DIRECTIONS >>
Extract only the lines running from the top of the entries to the line that holds "the best time". Include that line and omit the pictures.

───── RECORDS FOR THE TASK ─────

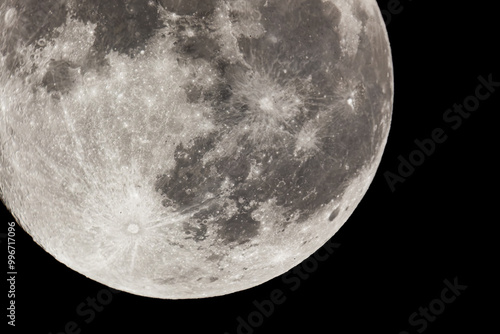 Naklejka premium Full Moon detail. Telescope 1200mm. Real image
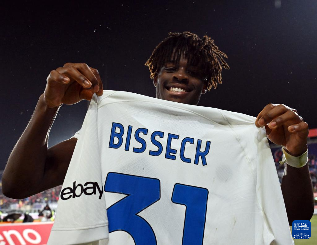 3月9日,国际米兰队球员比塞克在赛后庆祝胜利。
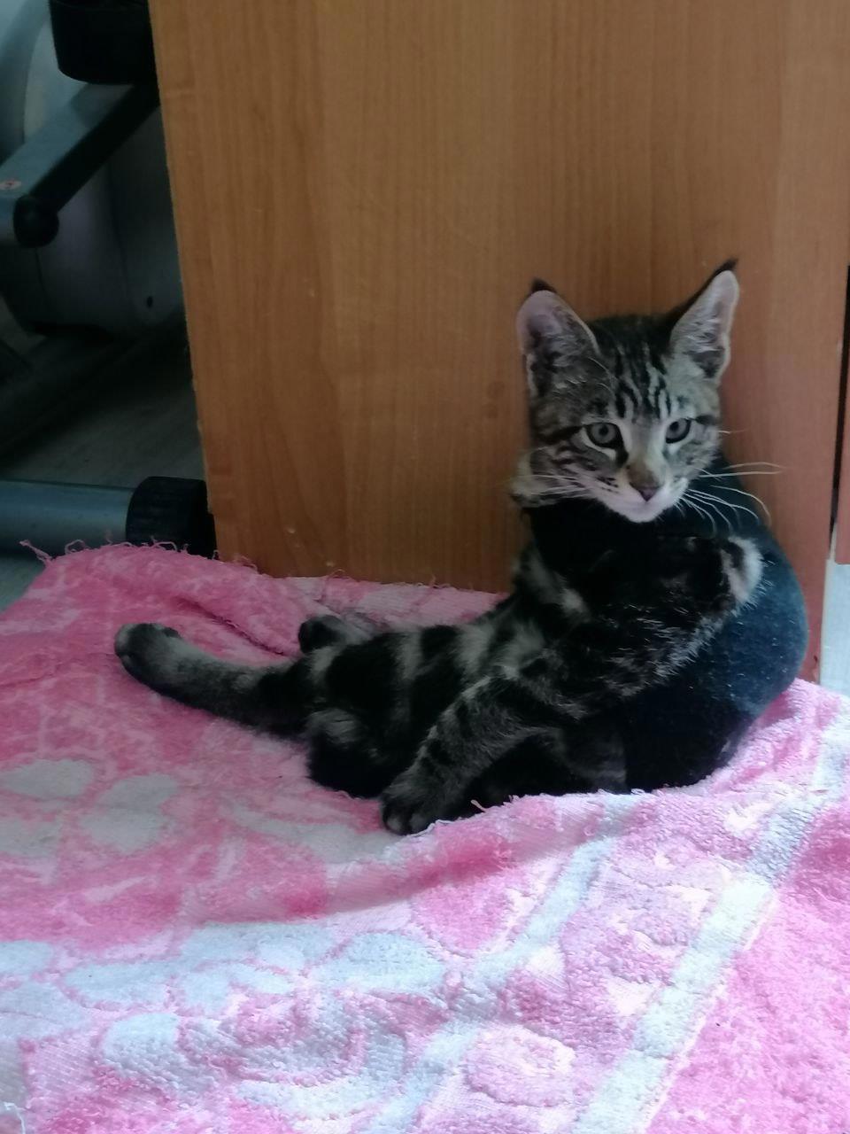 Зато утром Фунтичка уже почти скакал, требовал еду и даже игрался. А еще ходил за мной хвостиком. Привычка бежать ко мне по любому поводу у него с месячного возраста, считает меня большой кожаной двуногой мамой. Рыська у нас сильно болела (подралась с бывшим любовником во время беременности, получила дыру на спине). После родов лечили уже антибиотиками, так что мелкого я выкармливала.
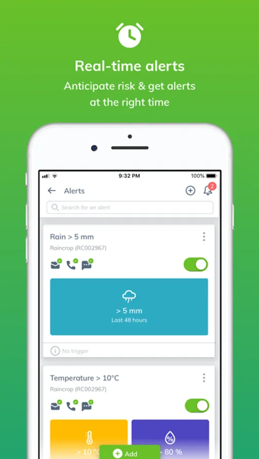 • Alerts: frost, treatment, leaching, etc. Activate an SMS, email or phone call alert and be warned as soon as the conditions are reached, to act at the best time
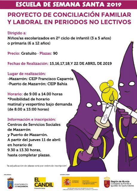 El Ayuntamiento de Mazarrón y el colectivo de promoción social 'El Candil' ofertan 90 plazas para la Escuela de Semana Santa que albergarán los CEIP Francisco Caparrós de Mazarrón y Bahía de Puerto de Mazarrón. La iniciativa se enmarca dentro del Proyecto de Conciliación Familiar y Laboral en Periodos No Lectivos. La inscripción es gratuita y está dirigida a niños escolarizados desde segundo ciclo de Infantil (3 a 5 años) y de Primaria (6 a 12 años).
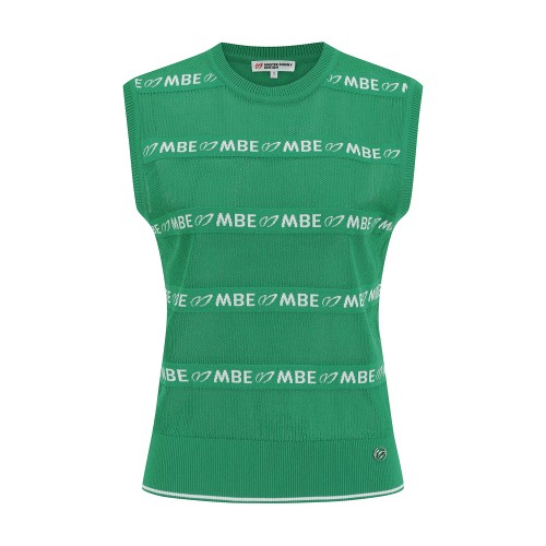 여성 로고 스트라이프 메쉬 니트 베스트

─────

SOLUTION >>
 Naklejka premium Full Moon detail. Telescope 1200mm. Real image
 3月9日,国际米兰队球员比塞克在赛后庆祝胜利。
 Зато утром Фунтичка уже почти скакал, требовал еду и даже игрался. А еще ходил за мной хвостиком. Привычка бежать ко мне по любому поводу у него с месячного возраста, считает меня большой кожаной двуногой мамой. Рыська у нас сильно болела (подралась с бывшим любовником во время беременности, получила дыру на спине). После родов лечили уже антибиотиками, так что мелкого я выкармливала.
 • Alerts: frost, treatment, leaching, etc. Activate an SMS, email or phone call alert and be warned as soon as the conditions are reached, to act at the best time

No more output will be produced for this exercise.